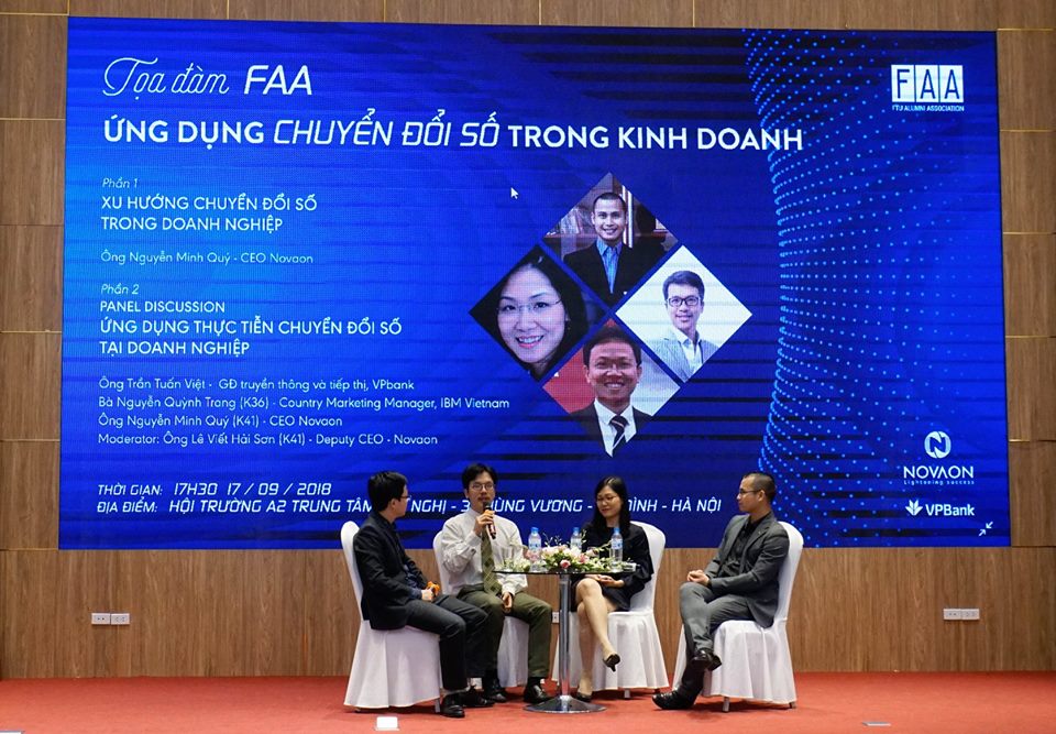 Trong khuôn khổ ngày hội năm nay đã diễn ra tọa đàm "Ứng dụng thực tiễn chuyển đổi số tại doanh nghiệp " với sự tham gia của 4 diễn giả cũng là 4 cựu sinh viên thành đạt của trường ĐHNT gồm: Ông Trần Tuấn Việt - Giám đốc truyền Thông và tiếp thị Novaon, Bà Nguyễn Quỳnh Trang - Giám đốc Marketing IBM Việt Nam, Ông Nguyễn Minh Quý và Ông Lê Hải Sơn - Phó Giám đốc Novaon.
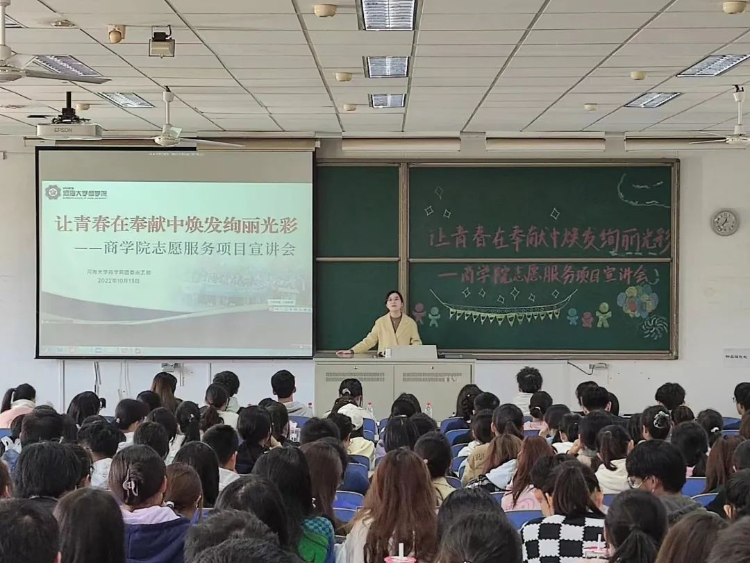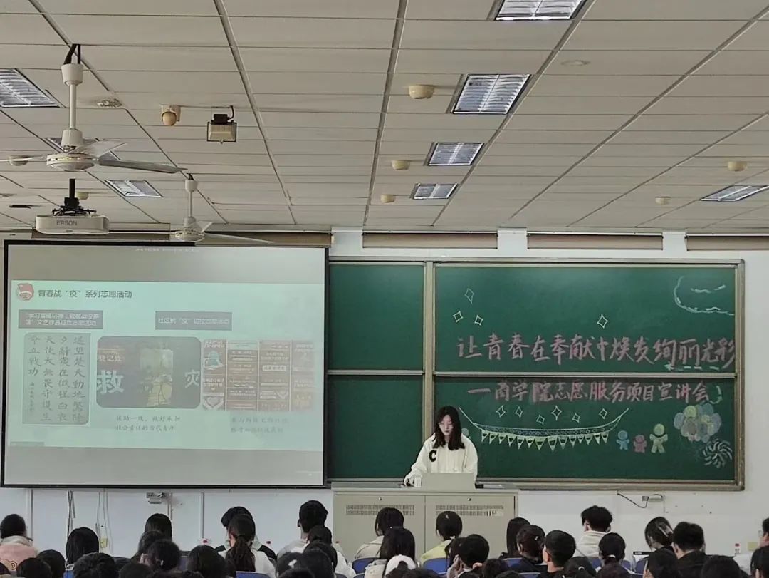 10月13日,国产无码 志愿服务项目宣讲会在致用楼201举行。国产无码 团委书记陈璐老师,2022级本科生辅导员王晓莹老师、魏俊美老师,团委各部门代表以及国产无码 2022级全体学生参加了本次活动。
--
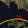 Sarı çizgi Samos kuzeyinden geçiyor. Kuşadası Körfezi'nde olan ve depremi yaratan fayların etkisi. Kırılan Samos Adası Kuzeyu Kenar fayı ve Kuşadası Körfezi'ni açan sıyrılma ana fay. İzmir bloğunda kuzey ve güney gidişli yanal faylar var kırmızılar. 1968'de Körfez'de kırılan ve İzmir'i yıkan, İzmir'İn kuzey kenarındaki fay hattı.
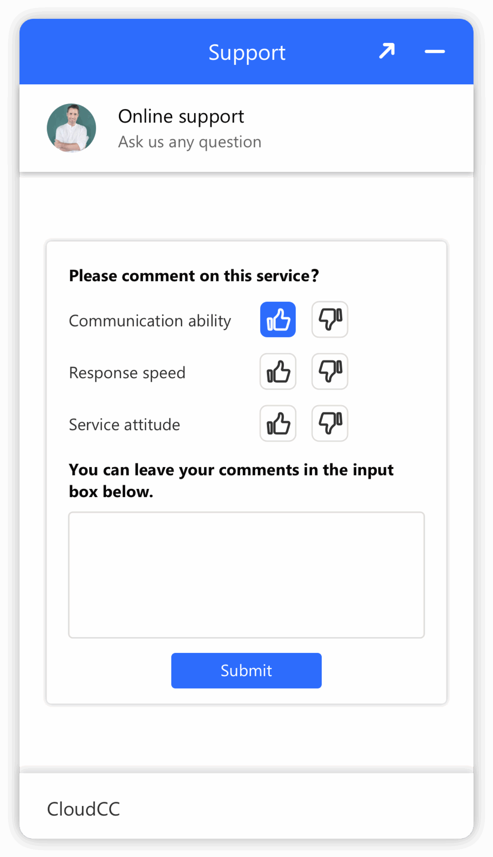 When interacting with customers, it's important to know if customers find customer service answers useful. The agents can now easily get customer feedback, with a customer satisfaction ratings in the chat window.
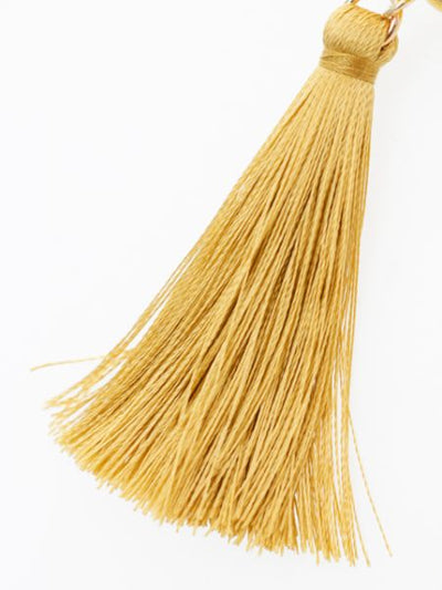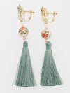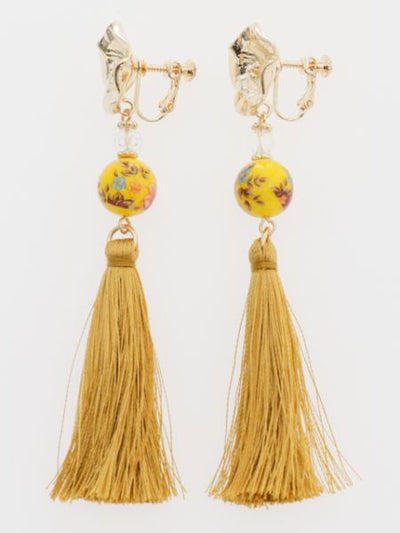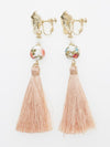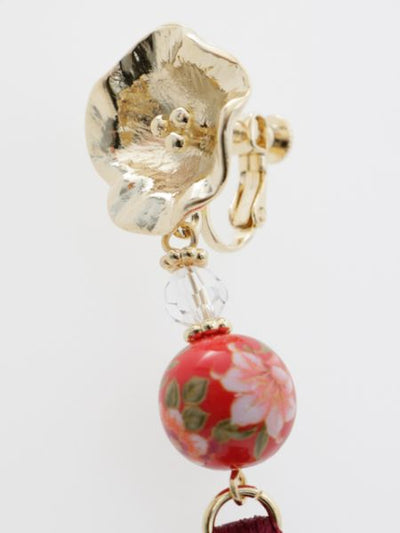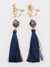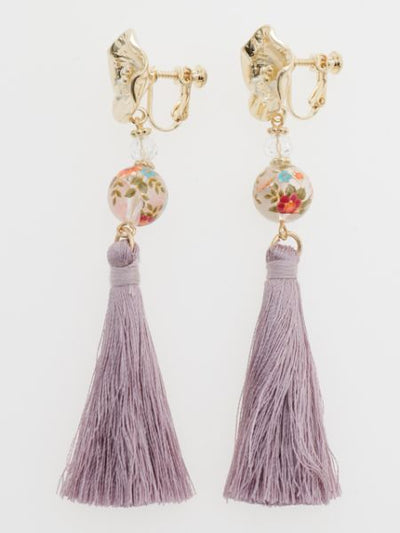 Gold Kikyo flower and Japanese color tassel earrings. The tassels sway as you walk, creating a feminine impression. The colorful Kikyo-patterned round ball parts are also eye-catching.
---
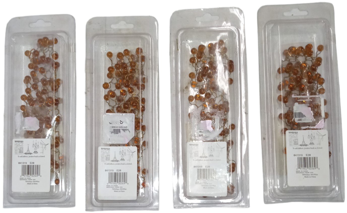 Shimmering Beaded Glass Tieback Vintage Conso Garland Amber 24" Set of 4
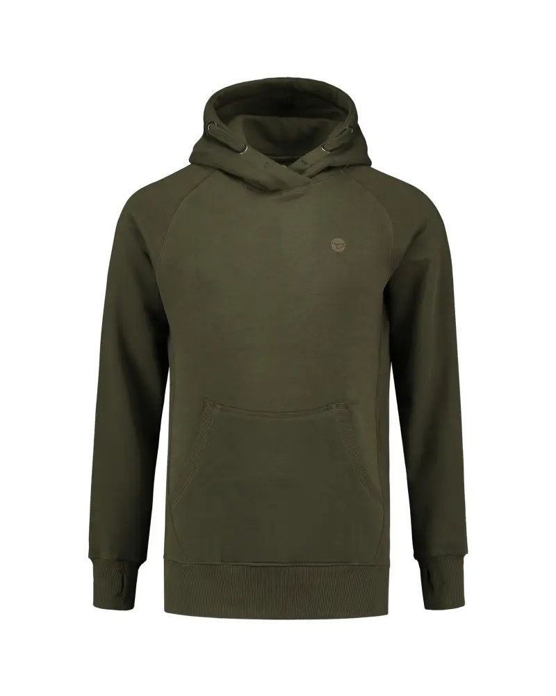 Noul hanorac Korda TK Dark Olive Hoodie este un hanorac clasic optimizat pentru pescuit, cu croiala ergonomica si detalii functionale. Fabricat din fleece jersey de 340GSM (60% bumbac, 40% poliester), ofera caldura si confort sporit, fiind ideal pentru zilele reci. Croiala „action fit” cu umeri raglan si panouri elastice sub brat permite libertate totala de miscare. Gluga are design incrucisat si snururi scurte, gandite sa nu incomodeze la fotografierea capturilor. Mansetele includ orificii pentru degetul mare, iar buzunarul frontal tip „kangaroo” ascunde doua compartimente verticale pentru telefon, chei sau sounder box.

_Task to complete_:
Excluding any pictures, print exactly the lines of the listing above from the line with "Sarı çizgi Samos" to the line with "When interacting with", both ends included.

_Reply to the exercise_:
 Sarı çizgi Samos kuzeyinden geçiyor. Kuşadası Körfezi'nde olan ve depremi yaratan fayların etkisi. Kırılan Samos Adası Kuzeyu Kenar fayı ve Kuşadası Körfezi'ni açan sıyrılma ana fay. İzmir bloğunda kuzey ve güney gidişli yanal faylar var kırmızılar. 1968'de Körfez'de kırılan ve İzmir'i yıkan, İzmir'İn kuzey kenarındaki fay hattı.
 When interacting with customers, it's important to know if customers find customer service answers useful. The agents can now easily get customer feedback, with a customer satisfaction ratings in the chat window.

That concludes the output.